2. Configure SSH Key
On your training host:
# Generate key if needed
ssh-keygen -t ed25519 -f ~/.ssh/win
# Copy to Windows
ssh-copy-id -i ~/.ssh/win.pub user@windows-ip
# Test connection
ssh -i ~/.ssh/win user@windows-ip "echo Hello from Windows"
3. Run Setup Wizard
malagent setup --minimal
The wizard will:
- Test SSH connection
- Verify MSVC is available
- Create configuration files
4. Verify Setup
malagent test --level smoke
Expected output:
Testing Windows DEVBOX connection... ✓
Testing MSVC compilation... ✓
Testing code extraction... ✓
All smoke tests passed!
Option B: Standard Setup (Elastic Mode)
Elastic mode provides graduated rewards based on EDR detection severity.
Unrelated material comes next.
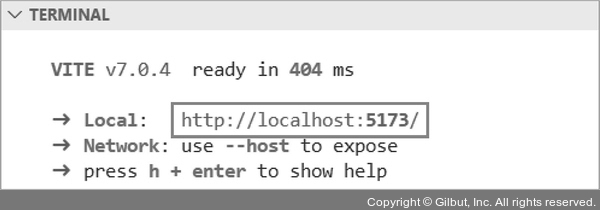 7 개발 서버가 정상적으로 구동하면 다음과 같은 로컬 주소를 출력합니다. 이때 주소는 개발 환경을 따르므로 책과 다를 수 있습니다. 서버가 정상적으로 실행되면 다음과 같은 메시지가 터미널에 표시됩니다.

1. Complete MVR Setup (above)
2. Deploy Elastic Security
You need:
- Elasticsearch cluster
- Kibana
- Elastic Agent with Defend integration on test VMs
3. Configure Elastic Connection
malagent setup # Select "Standard" mode
Or manually create configs/elastic_verifier.yaml:
elastic:
host: "10.0.20.145"
port: 9200
username: "elastic"
password: "your_password"
ssl_verify: false
detection:
timeout: 120
poll_interval: 5
4. Verify Elastic Connection
malagent elastic rules
Option C: Full Setup (Proxmox Orchestration)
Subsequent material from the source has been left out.